A more general approach for sums with terms of the form p(n)/n! where p(n) is a polynomial. Observe that: (x^a * exp(x))' = sum((n+a)/n! * x^(n+a-1)) then you can multiply by some other x^b and then take the derivative to get terms of the form (n+a)*(n+a+b-1)/n! * x^(n+a+b-2) repeat this kind of steps to construct the polynomial p(n)=(n+a)(n+a+b-1)(n+a+b+c-2)... etc. For the particular case of the video, it works with: (x * (x * exp(x))' )' = sum(n^3/n! * x^(n-1)) The function on the left evaluates to (x^2 + 3x + 1) * exp(x) Setting x=1 yields the expected result, sum(n^3/n!) = 5 * e
I tried this sum and found another way of solving this beast of a sum...I choose a generating function (e^(xn)/n!) And summing this from n=0 to infinity we'll get e^(e^(x)) or exp(exp(x))....then if we differentiate that sum thrice and let x->0 we'll get our sum and the answer as 5e....
ain't no way bro thought of all that without thinking about differentiation e^x, then multiplying result by x again and differentiating again rinse and repeat again, then put x=1
Good video but you did some mistakes when dividing an infinite sum into two because you must verify that the two converge. In this case it worked because the resulting sums converge but it can be wrong in other cases.

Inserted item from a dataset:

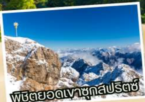
พิชิตยอดเขาชุกสปีตซ์

Everything is eeeeeee Everything is eeeeeee Everything is eeeeeee Chorus translated from a dutch song and 'love' replaced with eeeeeee lol. Also it's fun to set n^2 to (n-1)(n+1)+1 and work from there.
It was carefully explained but too long-winded for me, so I stopped watching after a couple of minutes. You can get the answer much faster using the approach you began with. In the first step, you got it to sum from n=1 of n^2/(n-1)!, then shift n to get sum from n=0 of (n+1)^2/n!; expand the numerator to get n^2+2n+1, then break that up as ( sum from n=0 of n(n+2)/n! ) + e; now apply your original trick again to the first part, so sum from n=1, cancel n, and shift n up, so it becomes ( sum from n=0 of (n+3)/n! ) + e = ( sum from n=0 of n/n! ) +3e +e = e +3e + e=5e.
Dont worry if blackpenredpen retires we have this guy to teach us calculus
LOL
But bprp is just awful.
Why would anyone want to learn from him? Not to offend you. I just genuinely do not understand
Is he not still that arrogant and irresponsible as he was 2 yrs ago, when I stopped watching him? He used to blunder left and right in his videos, i.e. missing an entile segments from the proof like a cheddar cheese, or not considering negative real numbers when a problem is defined in both +- real numbers-just willy nilly making do with half proof, etc.
I mean he used to blunder every two, three videos by the time I finally blocked him and I think that's damn plenty.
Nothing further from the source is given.